The Aged Care Funding Instrument should be dumped and a “blended payment” model with activity-based funding implemented in residential care, the government-commissioned report into ACFI has found.

The report also backs long-standing sector calls for an independent cost of care study in residential aged care.

In a robust critique of the ACFI, the University of Wollongong report found that the funding tool was “no longer fit for purpose” while its structure was “not clinically plausible”.

The review found residents were now “older and frailer” than when ACFI was implemented almost a decade ago and the tool “does not adequately focus on what drives the need for care” and “no longer satisfactorily discriminates between residents based on their care needs.”

While the review details five possible funding models – including a revamped ACFI – the experts recommend the sector adopts a “blended payment model”, which would utilise activity-based funding, within two years.

In the interim, the experts also propose a “refinement of ACFI” to address its key failings – a process that is underway, as Australian Ageing Agenda reports today (read story here).

‘Structural problems’ with ACFI

The experts found a “structural problem” in ACFI in that its three measurement scales effectively worked in isolation – with the scores from each being added to give a total score that determined a resident’s subsidy.

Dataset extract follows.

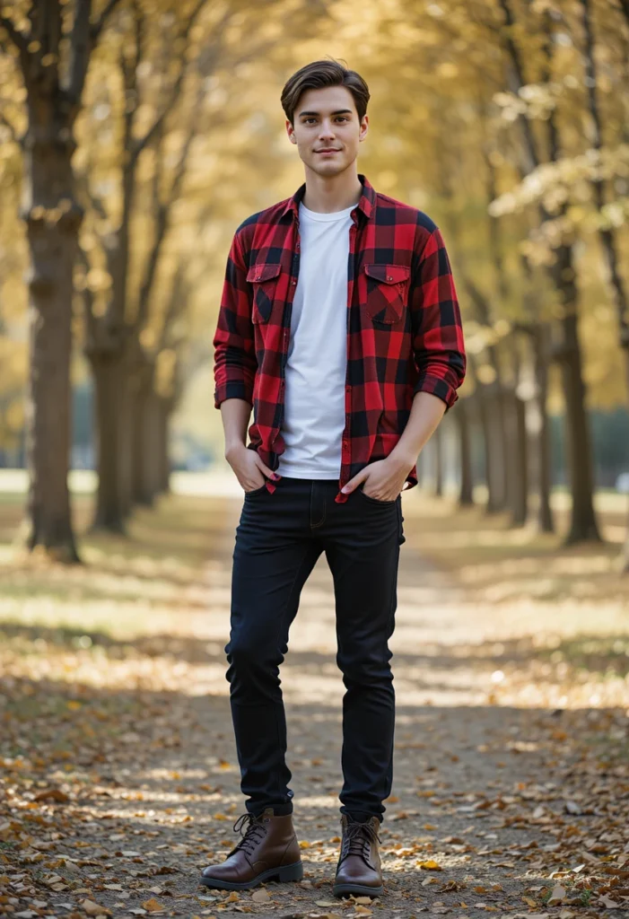 A flannel shirt layered over a white tee creates a warm, friendly look that girls often find very approachable. The mix of colors from the flannel and the simple white tee gives a clean but relaxed vibe. Blue jeans complete the outfit with a classic touch that never goes wrong.
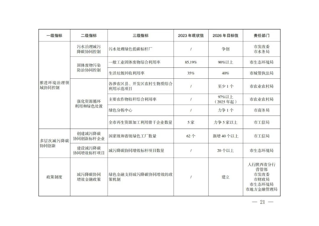 到2026年,形成一套减污降碳协同创新管理机制、模式路径和政策举措,构建“4+3+3+6”减污降碳协同创新“西安模式”,即开展能源、交通、工业、环境治理4个领域的减污降碳协同创新,在园区、企业、项目3个层次培育和遴选减污降碳协同创新标杆,出台减污降碳协同增效金融政策、碳评纳入环评新机制、碳排放信息纳入排污许可管理新机制3项减污降碳协同创新政策,提升市级层面试点工作机制创新、减污降碳协同创新评价指标体系创建、大气污染物与温室气体融合清单编制、污染物与温室气体监测核算、固定污染源排放量全口径核算、协同管理创新6种减污降碳协同管理和创新能力。投资约262亿元,推进66个减污降碳协同创新重点项目建设,确保全市非化石能源占能源消费比重达到22%以上,单位GDP能耗、主要污染物总量减排和单位GDP二氧化碳排放降低率完成省上下达目标。碳排放强度下降与生态环境质量改善协同推进取得明显成效,减污降碳协同度达到同类型城市领先水平,绿色低碳循环发展的经济体系初步形成。

Instead, they advocated a “branching classification” approach in which a resident’s needs in each domain would be considered in combination.

Their proposed “blended payment” model would also fund care based on two elements:

  • fixed costs, as determined by factors such as the number of residents, and
  • variable costs, as determined by resident complexity and acuity.

An activity-based funding model, akin to that which operates in the hospital sector, would be used to fund the variable care costs.

The ACFI review calls for cost of care study

Cost of care study

Significantly, the experts said there was a need for a “costing and classification study” to inform the proposed new model and to “determine the proportion of costs that are fixed and variable.”

Fixed costs may differ between facilities depending on size, location and role and a costing study would help to determine this, they said.

In fact, the experts argued that irrespective of which funding model the government chose, there was a “good case for better understanding costs.”

“Costs do need to be understood to be contained in sensible ways,” they said, pointing to the national price set in the hospital model, which is based on an annual costing study.

Recommended model

The experts said that their recommended model was assessed as best meeting the criteria that addressed issues identified for the sector.

Of the five options, the blended payment model was “the most robust model and achieves greater equity,” they said.

“Although this option will likely result in more significant impacts on workforce and aged care system infrastructure, it will deliver benefits that far outweigh these short term resourcing concerns.”

Included in their report, the experts provide a detailed two-year implementation plan for moving to the new model, including timelines for sector consultation, development and trialling of the system.